Over the last six months I've had the opportunity to visit with senior level people at companies throughout the United States and discuss some of the challenges that are part of their everyday lives. The feedback was not too surprising as they reflected on symptoms of the industry as a whole - globalization, the speed of change, worldwide competition, mergers and acquisitions (M & A's), and the dynamics of customer demands were part of the underlying challenges. The surface issues were symptoms of these challenges and I heard comments like the following:
- We have a plan BUT the plan can no longer be implemented successfully! It won't (doesn't) work. Everything has changed.
- With all of the consolidation plus the overseas competition, we are really talking about survival. What can we do?
- Our whole market is changing - we really don't know what our customers want anymore! I don't think that they know either.
- We have a strategy but I have no way of knowing how good it is until we get the month-end financials - by then it's usually too late to adjust or refine and the results may be catastrophic.
For larger companies in the industry, the sandbox is scattered all over the world and changes are on a scale that most smaller companies can't imagine. The supply chain is shrinking significantly among the big players and whole new value equations are being formulated - sometimes daily. Customers are dictating where they build the products as well as how many and when.
For the smaller companies, it's a matter of survival. Of the 200-plus companies that I contacted in the last six months, 25 have already shut their doors while others have been consolidated within larger companies.
For the smaller companies, being average isn't good enough. Yet less than 10 percent of these companies today would not even be considered for an acquisition primarily because of the state of their fiscal fitness, their mediocre share of a particular market niche, or both. So what to do? Take the money and run? Build a stronger company? Sell out? These are questions that owners and stakeholders must address.
Unfortunately, many smaller companies don't know or realize where they stand today in relation to other companies in their industry. Further, as noted in the last feedback bullet above, the management team often has a difficult time measuring strategic performance, tracking changes in the industry, and then adjusting to market fluctuations with a positive strategic response.
When one measures the effectiveness of strategy, we are looking for parameters that tell us quickly whether we are on-track and on-purpose. These critical success factors are normally developed as part of the strategy and business operations' planning process. Since strategy depends on each company's unique market and operations situation versus the company's vision and goals, so too must the measures be specific for that company. The measures must be targeted and focused such that changes - both internally and externally - can be rapidly assessed.
The Current Ratio, Debt:Equity Ratio, EBITDA, ROI, and shareholder returns are all important but do not necessarily measure market strategy effectiveness in a timely fashion. They do to one degree or another measure the rightness of the strategy and the effectiveness of the decisions made in the execution of the strategy.
As we look for indicators and measurement, the field of vision must stretch well beyond your company's doors. The entire value chain must be involved in the measurement process. Recall the basic principle of business: Customers provide revenue and employees create profit.
Many companies will get caught up in efficiencies versus true productivity issues. An organization can be very efficient in their processes and yet be very low in productivity. Why? The primary reason is that productivity is a focused metric that is attached to creating wealth - revenue and profit. Efficiency is focused only on an individual piece or process. To be productive, a company must look at their company and all stakeholders (supply chain, customers, employees, communities, distribution channels) - upstream and downstream - as an integrated system whose function is to create wealth. Acquire customers - generate revenue: service customers - create profit. Everything else is a subset!

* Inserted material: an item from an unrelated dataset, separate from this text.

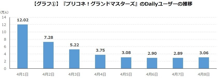 リリース初日である4月1日のアクティブユーザー数は12.02万人、その後減少していき、4月5日以降は3万人程度で推移しています。【グラフ①】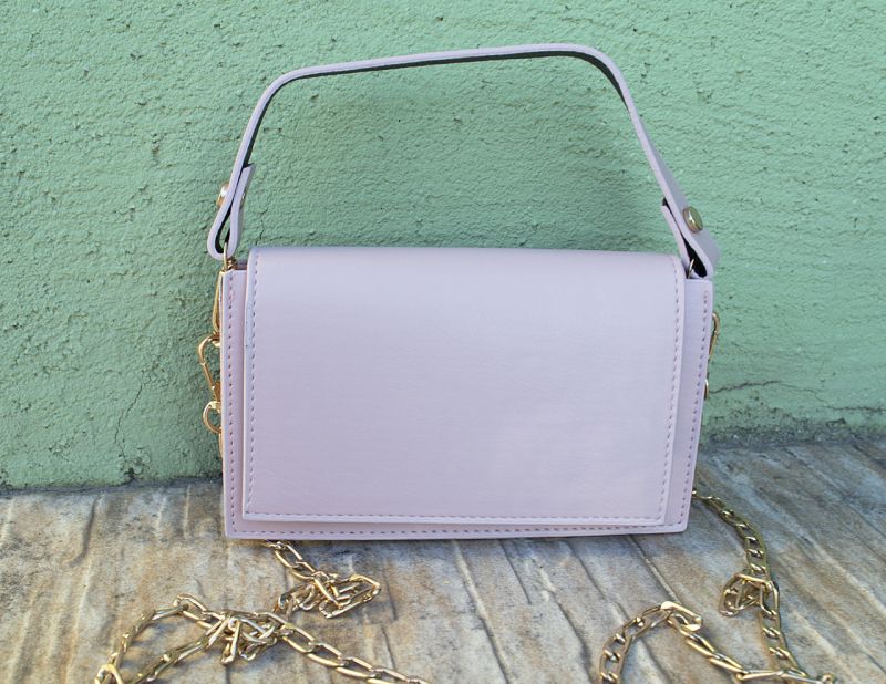 Дамска кожена чанта в светло розов цвят с едно голямо отделение, закопчаващо се на лицевата част с магнитно копче. Чантата е с два вида дръжки. Едната е къса , кожена , а другата е дълга метална в златист цвят.

One measure that I advise my clients to track is their customer's income statement based on their role in their customer's business. Essentially you convert your value equation into real dollars (customer basis) in the form of any or all of the following: (a) Inherent savings to your customer (e.g., reduce engineering or design time, reduce purchasing time); or, (b) New revenue for the customer (e.g., help them win a contract, make a product more user acceptable and increase sales, etc.). This becomes a deposit in the customer's equity account. From this, one must subtract the customer's lost dollars that result from your company's performance (e.g., late deliveries, quality issues, prototyping, delivery issues, billing issues, collection issues, start-up issues, and service issues). One must also subtract the lost dollars that are attributable to the customer's practices (e.g., slow payment of invoices - cost of capital issue among others).
One easy basis to use is revenue per hour and profit per hour (i.e., time that facilities are open - both parties). Naturally, one wants to always have a very high positive balance (profit that customer earns because of the business relationship).
All measures must be generated quickly, easy to understand, and easy to assess critical impacts. Usually the number of such indicators is less than 10 and sometimes only two or three. Remember, you're measuring strategic effectiveness in quick time! The trends and variations are normally more important than the actual numbers. If I see a weekly fluctuation in any or all of the critical indicators, I would want to know the root cause(s), potential solutions, and strategic impact of various options - now! It's the only way one can exercise any degree of nimbleness in the market.
These are some of the critical success factors that companies measure as a means of doing a near-real-time audit of strategy. There are certainly others that can be used.
The old story of you can't manage what you can't measure holds true even more so in today's business environment. What do you measure?